This push-up is gonna blow your mind, and the mind of anyone watching you. It's a solid goal to aim for, not only because it's cool, but also because there's no faking it. You can either do it, or you can't. But this also means it's definitely not for beginners.
So, where do you start? With push-ups, of course. Before even attempting the 180 push-up, you should be able to perform at least 20 perfect-form push-ups. To me, perfect form means you are going all the way up and all the way down on each rep without struggling or letting your elbows flare out. These should be easy and smooth. If they're not, you're not quite ready to attempt 180s.
Proper form is critical, because without the right amount strength to perform this push-up, you can get hurt. You probably won't break an arm or anything, but ending up face-down and bruised on the ground is a sure thing. It might be inevitable even if you've got the strength, but at least you'll have a chance!
But if you've got your push-ups down pat, you're ready for the next step.
Step 1: Explosive Push-Ups
At the top of every rep, push off the ground as if you're trying to thrust yourself into the sky, higher and higher with every rep. You can't do this with slow push-ups. This is a fast movement, and you're teaching your body to move quickly. Perform just 2-6 reps at a time, and focus on building height for each rep as opposed to more reps.
Step 2: Explosive Push-Ups With Knee Tuck
Once you feel like you're able to push your upper body into the sky, it's time to bring your lower body in on the action by adding a knee tuck at the top. This will simulate the movement your lower body will be doing during the final goal exercise. At the top of every push-up, tuck both knees into your body, then kick them back out on your way down. If this is the first step in the progression where you get to eat some ground, welcome to the club.
Step 3: Explosive Rotating Push-Up
You've got the explosion. Now it's time to add the twist, but not all at once. At the top of every explosive push-up, you will pump your body to the left and then to the right. Start with just a little rotation, then add more as you become comfortable with the motion. Being able to do this is pretty impressive on its own—and pretty different than anything else you've probably done before—so spend some solid time here before trying a full rotational rep.
How to Nail That 180
Once you've comfortably mastered all these progressions, it's time to go for it. But don't feel pressured to move forward too fast. Take your time to really master each progression, both for safety and because each stage has real value on its own.
When going for a rep on the 180, I suggest you go on your second or third push-up, to build up your momentum.

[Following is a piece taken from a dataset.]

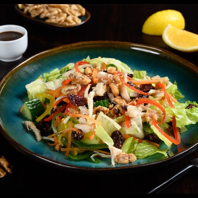 Roman lettuce, grilled chicken, carrots, cucumber, bell peppers, orange, dry cranberries, walnuts, honey citrus dressing

Going into this movement with full effort is far harder, both mentally and physically. If you don't believe me, you can certainly try. I've seen how that ends up.
So, start with one or two pushups, done really fast, with the full range of motion. Then, when you're ready, bend your knees and bring your feet slightly forward. From there, jolt your legs to the side using your waist. Think of it as a double kick to the side. At the same time, your upper body will push upward with the intention of turning toward the full 180.
When you get there, kick your legs back out and back to push-up position. Of course, you probably won't get it on your first try. That's fine. Maybe instead of a 180, you'll get a 150 or 140, or even less. No big deal. Every degree counts, and if you keep at it, you'll eventually have that ta-da moment where you get the full turn. Then, you can start to work this into your freestyle push-up mix.
Just stick with it. This is the sort of goal worth pouring some quality hours into!